Depremin ikinci günü 7 Şubat akşamı 2’nci depremin üssü olan Elbistan’a ambulans sesleri eşliğinde girebildim. Şehir karanlığa gömülmüştü, sokakları arabaların ışıkları aydınlatıyordu. Karlı bir gündü ve hava sıcaklığı eksi 10 dereceydi. Saat 21.00’da Polis Arama Kurtarma (PAK) ve AFAD’ın, depremzede Nermin Kılınç’ı kurtarmasına tanıklık ederek başladım işe. Elbistan’da enkaz başında en çok duyduğum şey “Biz yardıma geldik, nereye gidelim” ve “Bizi kim yönlendirecek” oldu. Bu kargaşada inisiyatif kullanarak enkazlarda çalışan insanlar vardı. Sonrasında tüm enkaz alanlarında olduğu gibi “Sesimi duyan var mı?”, “sessiz olun, lütfen sessizlik”, “çök”, “kontak kapat” ve “devam” kelimelerini duyuyorsunuz, “sedye” denildiğinde içinize buruk bir sevinç doğuyor, çünkü enkazdan insanların çıkarılmasına yakından tanıklık ediyorsunuz. Güvenlik önlemi alınmayan enkazların başında meraklı yüzlerce insanın fotoğraf ve video çekme peşinde olması ise üzüntü vericiydi.
Polis ağlıyordu
Depremin üçüncü günü Malatya’daydım, ilk gözüme çarpan görüntü, yıkılan binaların etrafında asker ve polisler tarafından güvenlik şeridi oluşturulmasıydı. Burada daha çok hasarlı binalar göze çarpıyordu. Şehrin merkezi yerlerinde depremzedeler için çadırların kurulduğuna ve işleyen bir sisteme tanık oldum.

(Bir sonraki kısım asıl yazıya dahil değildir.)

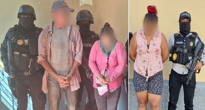 En El Jícaro, El Progreso, fueron capturados Irma Esmeralda Cruz Marroquín, de 30 años, y José Luis Moran Llamas, de 51. Además, en Guastatoya, también en El Progreso, fue detenida Soraida Cristabel Marroquín Cruz, de 30 años, por los delitos de plagio o secuestro y obstaculización a la acción penal.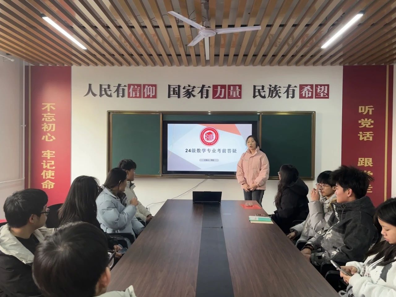 在期末考前座谈答疑环节,李甜和黄建淞分别就本专业的各门学科,结合自己的学习经验和心得,为同学们分享了高效的学习方法、备考策略以及应对考试压力的技巧。同时,他们还针对同学们提出的各种学习问题和困惑,进行了耐心细致的解答和指导。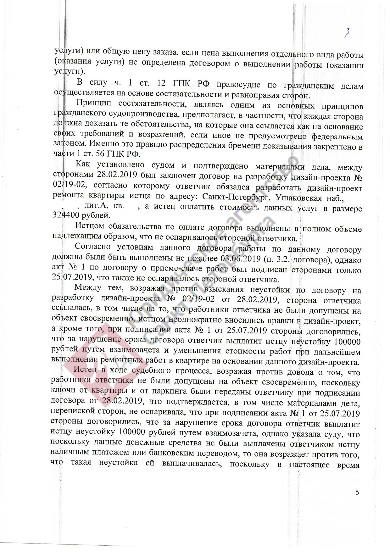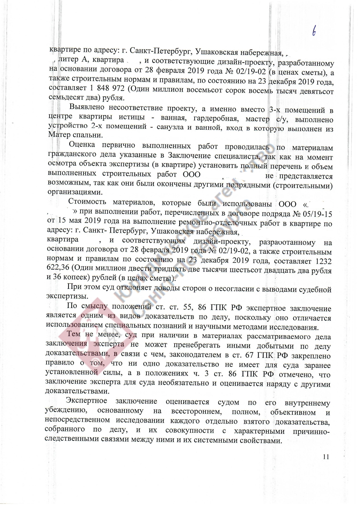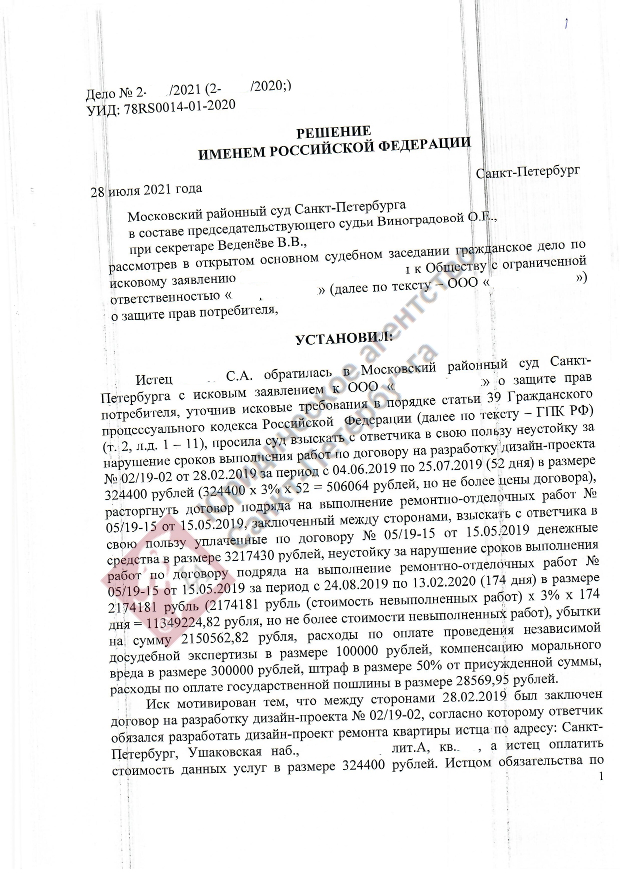 В нашу компанию поступило телефонное обращение из Бельгии. Клиент приобрела квартиру в дорогом жилищном комплексе в Санкт-Петербурге и привлекла подрядную организацию разработать дизайн проект этой квартиры и в соответствии с ним выполнить ремонтные работы. В ходе проведения ремонта выяснилось, что в дизайн проекте имеется множество нарушений, которые повлекли за собой нарушения в реализации всего проекта и как следствие массу строительных ошибок.Клиент не захотела, чтобы данная подрядная организация продолжала выполнять работы изакрыла доступ строителям на объект и обратилась к нам. За строительные работы Клиент заплатила 3 217 430 рублей. И приобрела строительные материалы на сумму 932 313 рублей, которые были использованы в ремонте.Решение

Dördüncü gün Diyarbakır’a girdiğimde ise sokaklar hayatın olağan akışı içerisinde görünüyordu. Enkazın olduğu sokaklara basın kartımı göstererek girebildim. Öte tarafta yüzlerce insan telefonlarıyla enkazdan kurtarma anlarına tanıklık etmek için bekliyordu. Enkazın üstünde kadraja girmeye çalışan görevlileri görmek de mümkündü. Foto film merkezinde görevli bir polis, hemen yanımda ağlayarak fotoğraf çekiyordu.”